ТОП авторов и книг ИСКАТЬ КНИГУ В БИБЛИОТЕКЕ
«Зачем же нужно было,— думала она,— вызволять протопопа из ссылки сибирской, чтобы тут же отправить его в другую? Неужели милосердие царя лживо и им руководит не сила добра и разума, а лишь веление власти? Но тогда — от Бога ли царю такая власть?»
Мысли были преступны и богохульны, но она не противилась нахлынувшему вдруг исступлению. Потеря духовного отца была для нее тяжелее смерти Глеба Ивановича, с уходом Аввакума нечем стало обороняться от Антихристовых наваждений. Она спала с лица, но крепла духовно, становясь в чем-то иной. Ясно было одно — отныне она должна служить истинной вере.
И, словно подслушав ее мысли, нежданно появилась в доме старица Меланья. Она пришла как странница, не называя себя, попросилась в покои и открылась лишь в светелке, отвесив боярыне низкий поклон.
— Рада видеть тебя в здравии, Федосья Прокопьевна,— потупя взгляд, молвила Меланья.— Наказал навестить тебя святой отец наш Аввакум...
Лицо у старицы было строгое, глаза темные, немигающие, как на иконе, стерегущие каждое движение, губы неулыбчивые и бледные, сжаты в ниточку. Боярыня кинулась навстречу, схватила ее сухие и горячие руки.

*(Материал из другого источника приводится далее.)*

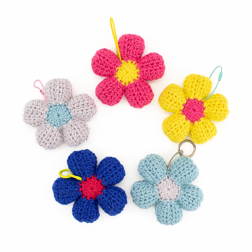 わたを詰めてぷっくり立体的に仕上げた、大きなお花のチャーム。バッグやスマホにつけると存在感抜群!細編みや長編みなどのかぎ針編みの基本的な編み方で編むので、かぎ針はじめてさんにもおすすめです。色の組み合わせも楽しんで編んでみてくださいね。
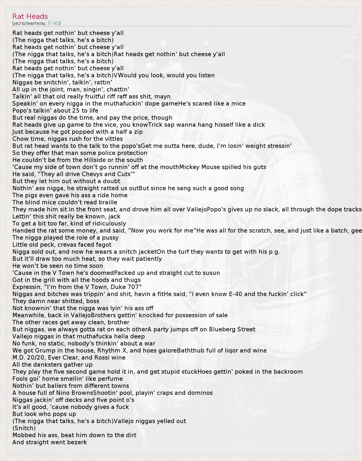 А как ты думаешь, о чем песня "Rat Heads" ?
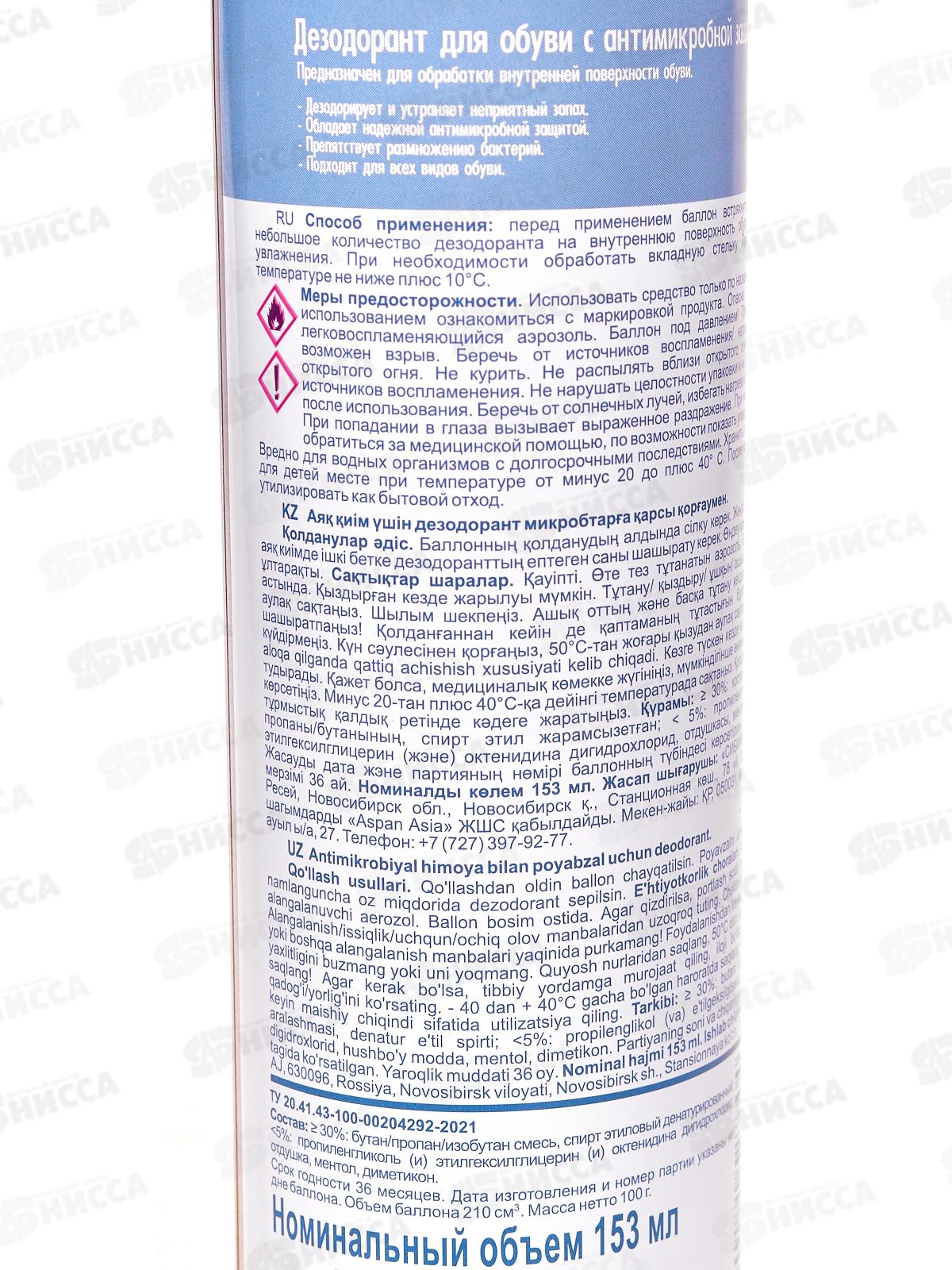 Footon дезодарант с антимикробной защитой д/обуви 153мл
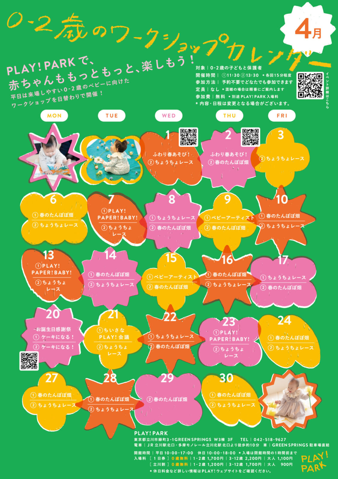 | 参加費 | 無料(別途PLAY! PARK入場料) *1歳未満入場無料(母子手帳や保険証など、子どもの年齢を確認できる書類を受付でご提示ください) |
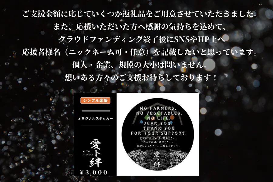 そんな想い溢れる人と農家を繋げるためのハブとしてこのプロジェクトを機能させることで、多くの人たちを巻き込み、みんなで一緒に農業を支えていくプロジェクト、ブランドにしていきたいと考えています!
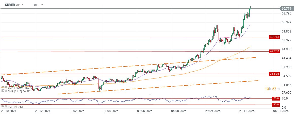 Astăzi, argintul se apreciază cu 0,40% la momentul scrierii. După ce a atins un nou maxim istoric la 61,594 dolari pe uncie, investitorii au marcat o parte din profituri, cotația retrăgându-se sub pragul de 61 de dolari. Impulsul ascendent actual rămâne în continuare solid, dar, privind indicatorul de putere relativă (RSI) observăm că ne aflăm în zona de supracumpărare la 75 de puncte.

— Спаси тя Христос, мати моя, голубушка!.. Уж не чаяла, что весточки от него дождусь... Что с ним? Мучают его слуги дьявола?
— Отец наш жив и во здравии. Бог бережет его...
Она присела на лавку, поправила черный монашеский плат, точно крыша нависший над гладким, без единой морщинки лбом.
— Дух его никакому слуге дьяволову не сломить... А завет его такой: не поддаваться Антихристу, стоять на старой вере, не отступать ни словом, ни помыслом, даже если смерть дохнет хладом... А станут пытать и жечь — все одно из каждой зол инки сожженной из растет тьма верующих... Так он заповедует...
— Верую и молюсь за него,— как клятву проговорила боярыня.— А за Христа небесного и смерть принять готова!
— Правду речешь,— кивала Меланья.— Река забвения не страшна. Грех и неправедность страшнее.
Голос старицы без надлома и хрипотцы звучал как натянутая струна, а когда она поднимала на боярыню глаза и распахивала длинные ресницы, взгляд ее до дна пронзал душу, рождая желание исповедоваться и повиноваться.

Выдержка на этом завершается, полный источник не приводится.